Extracted data entries:
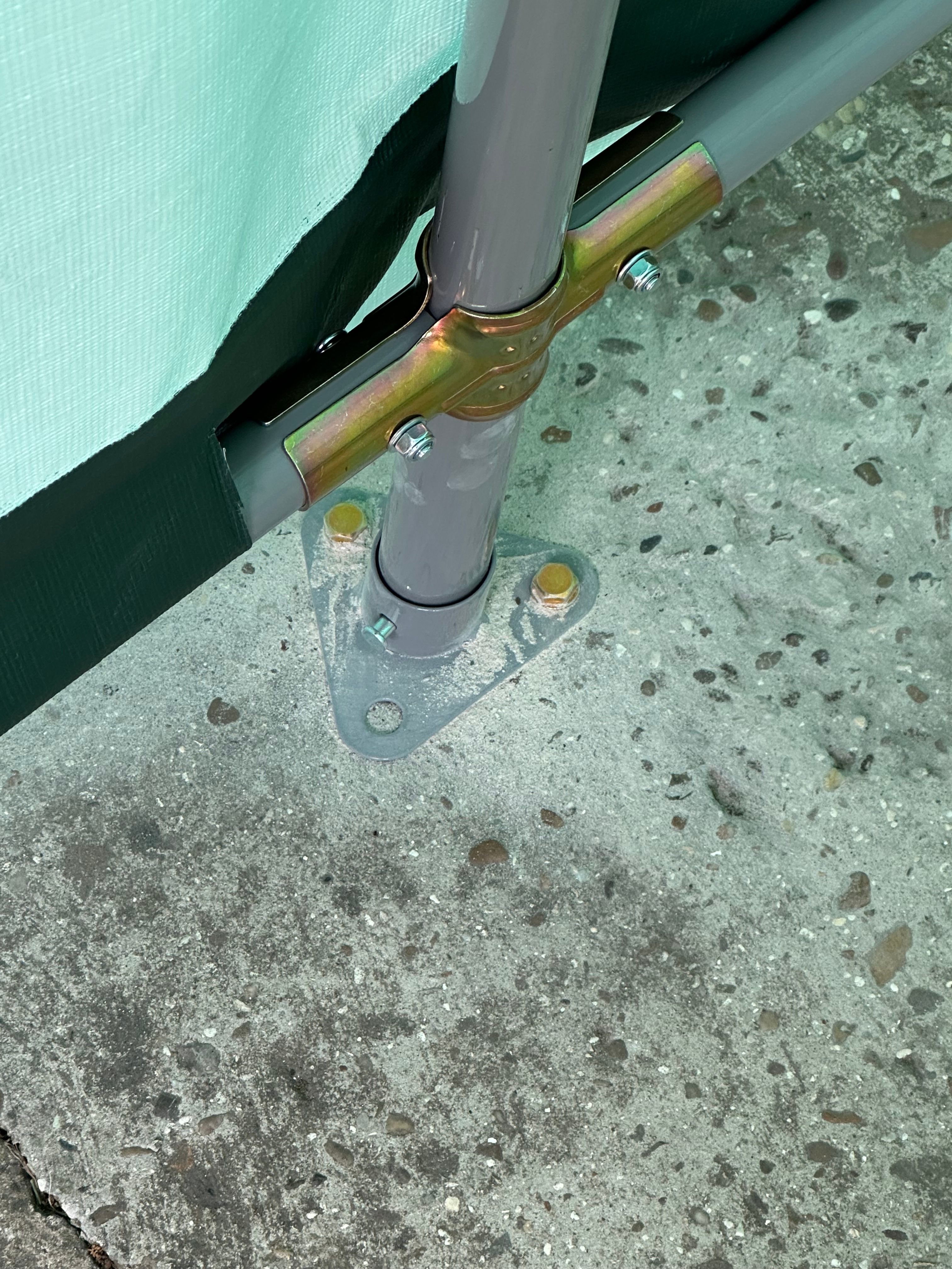 Got bolts into the base. It's Machine Mart, so says comes with anchor bolts as wellThey do a 12foot wide one as well, so nothing could touch the sides...
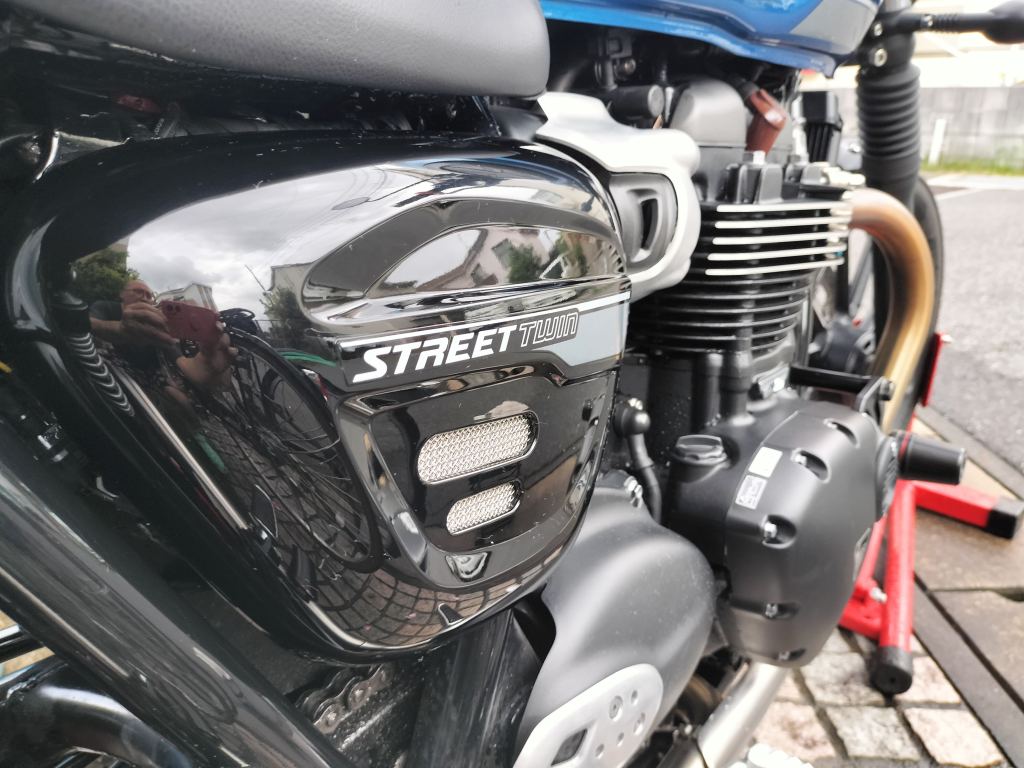 ODOMETERが13,000㎞を超えました。チェーンメンテナンスのタイミングになったので、その前にStreet Twin を洗車することにしました。雨上がりで濡れた路面を走ったりしたので、Street Twin はそれなりにドロドロです。
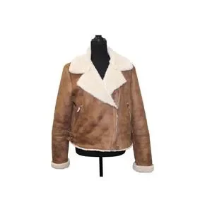 Forever 21 Faux Suede Shearling Aviator Jacket Women Size L EUC Brown Moto Biker
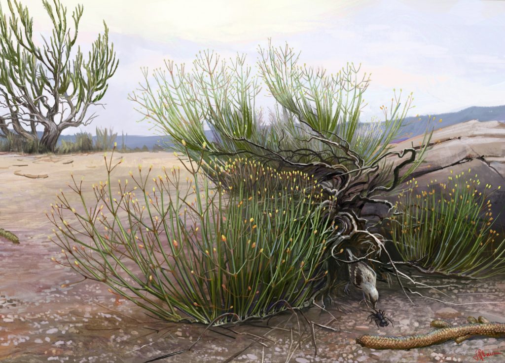 A descoberta da planta fóssil da família Ephedraceae, descreve informações sobre a evolução das plantas gimnospermas e seu alcance geográfico no passado distante.
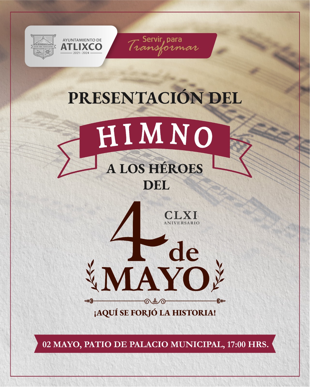 Como primer hecho, a fin de revivir, así como promover el arraigo e identidad en la comunidad estudiantil, a través de la Jefatura de Cultura y Tradiciones, con la participación de profesionales en la materia, se rescatará y presentará el Himno Conmemorativo “Héroes del Cuatro de Mayo”, acción que sumará a la preservación del legado artístico de Atlixco.
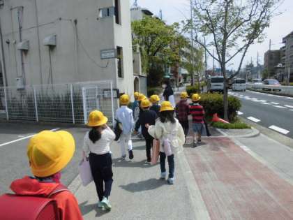 今日からの3日間(木・金・月曜日)、3つの下校コースに分かれて集団下校をします。
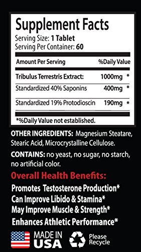 -. Feature : TRIBULUS TERRESTRIS EXTRACT: Tribulus terrestris is a flowering plant native to the warm temperate and tropical regions of Europe, southern Asia, Africa and Australia. It's used in herbal nutritional supplements that can be beneficial for producing large gains in strength and lean muscle mass, also Tribulus can be helpful for increasing testosterone in men. / TRIBULUS TESTOSTERONE BOOSTER FOR MEN: Tribulus terrestris can increases testosterone levels, which helps to increase muscle mass. According to the Physicians studies reveal an increase in testosterone levels when tribulus terrestris is taken. The rise in testosterone level reduces the time for the muscles to recover, increase stamina and boost energy. / TRIBULUS FOR MEN AND WOMEN: Studies have shown that tribulus terrestris can be beneficial for boosting your circulatory system which can be helpful for your body pump important oxygen and nutrients to your muscles. / TRIBULUS STRENGTH TESTOSTERONE BOOSTER: Tribulus terrestris also can be beneficial for maintaining a healthy weight. This use is especially common among bodybuilders and other athletes with high rates of calorie expenditure. / OUR GUARANTEE: PREMIUM QUALITY SUPPLEMENT PROUDLY MANUFACTURED IN THE USA! We use only the very best ingredients, all of which are manufactured in state-of-the-art facilities, with strict adherence to good manufacturing practices (GMP).
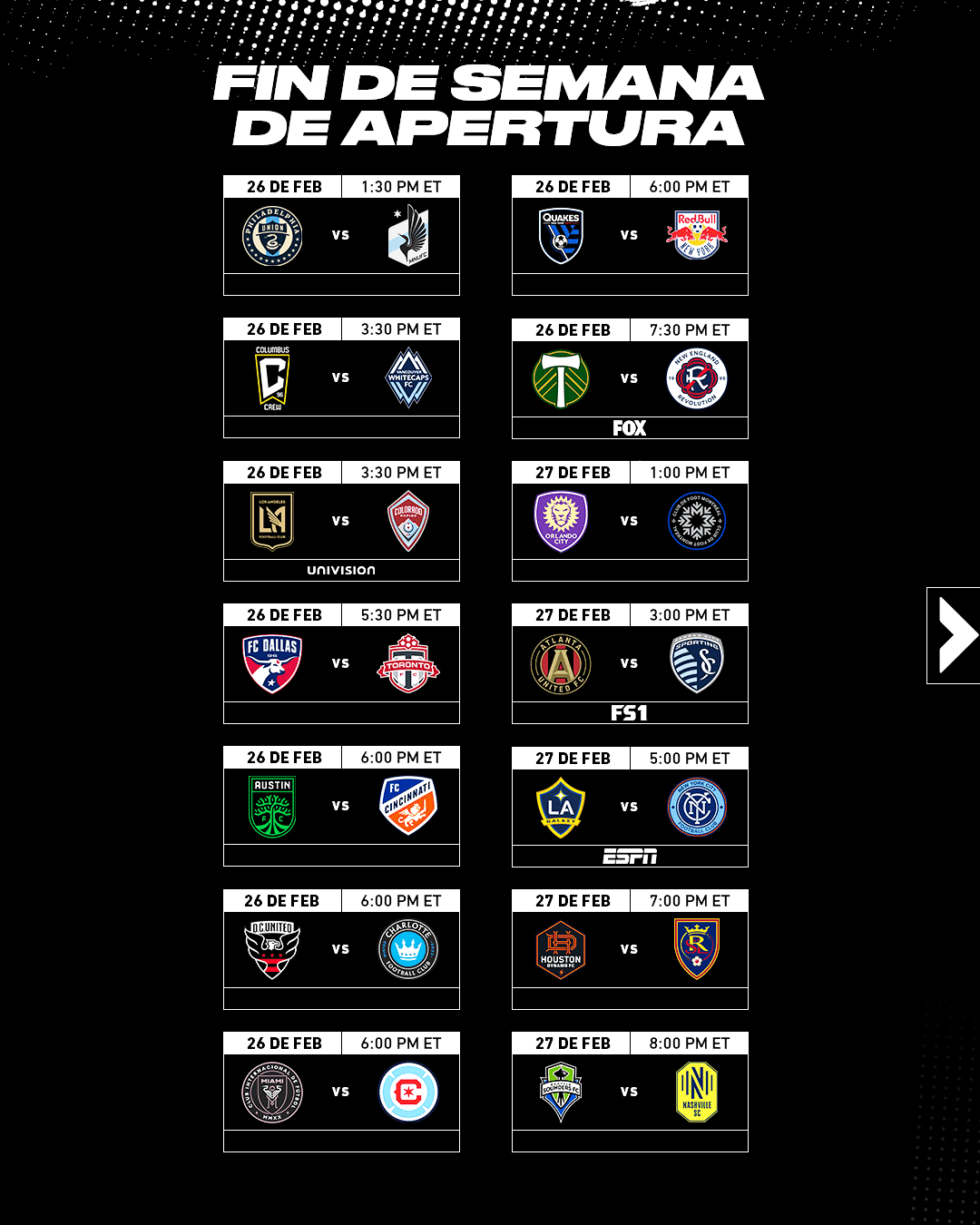 Comenzará con una doble cartelera ese viernes con los duelos entre Philadelphia Union y D.C. United (8 p.m. ET), seguido por 'El Tráfico', en el que LA Galaxy visitará a Los Angeles Football Club (10 p.m. ET) en el Banc of California Stadium (ESPN / ESPN Deportes).

■ TASK DETAILS ■
Copy exactly, leaving out pictures, the lines from the line containing "-. Feature : TRIBULUS" through the last line of the records.

■ SOLVED PROBLEM ■
 -. Feature : TRIBULUS TERRESTRIS EXTRACT: Tribulus terrestris is a flowering plant native to the warm temperate and tropical regions of Europe, southern Asia, Africa and Australia. It's used in herbal nutritional supplements that can be beneficial for producing large gains in strength and lean muscle mass, also Tribulus can be helpful for increasing testosterone in men. / TRIBULUS TESTOSTERONE BOOSTER FOR MEN: Tribulus terrestris can increases testosterone levels, which helps to increase muscle mass. According to the Physicians studies reveal an increase in testosterone levels when tribulus terrestris is taken. The rise in testosterone level reduces the time for the muscles to recover, increase stamina and boost energy. / TRIBULUS FOR MEN AND WOMEN: Studies have shown that tribulus terrestris can be beneficial for boosting your circulatory system which can be helpful for your body pump important oxygen and nutrients to your muscles. / TRIBULUS STRENGTH TESTOSTERONE BOOSTER: Tribulus terrestris also can be beneficial for maintaining a healthy weight. This use is especially common among bodybuilders and other athletes with high rates of calorie expenditure. / OUR GUARANTEE: PREMIUM QUALITY SUPPLEMENT PROUDLY MANUFACTURED IN THE USA! We use only the very best ingredients, all of which are manufactured in state-of-the-art facilities, with strict adherence to good manufacturing practices (GMP).
 Comenzará con una doble cartelera ese viernes con los duelos entre Philadelphia Union y D.C. United (8 p.m. ET), seguido por 'El Tráfico', en el que LA Galaxy visitará a Los Angeles Football Club (10 p.m. ET) en el Banc of California Stadium (ESPN / ESPN Deportes).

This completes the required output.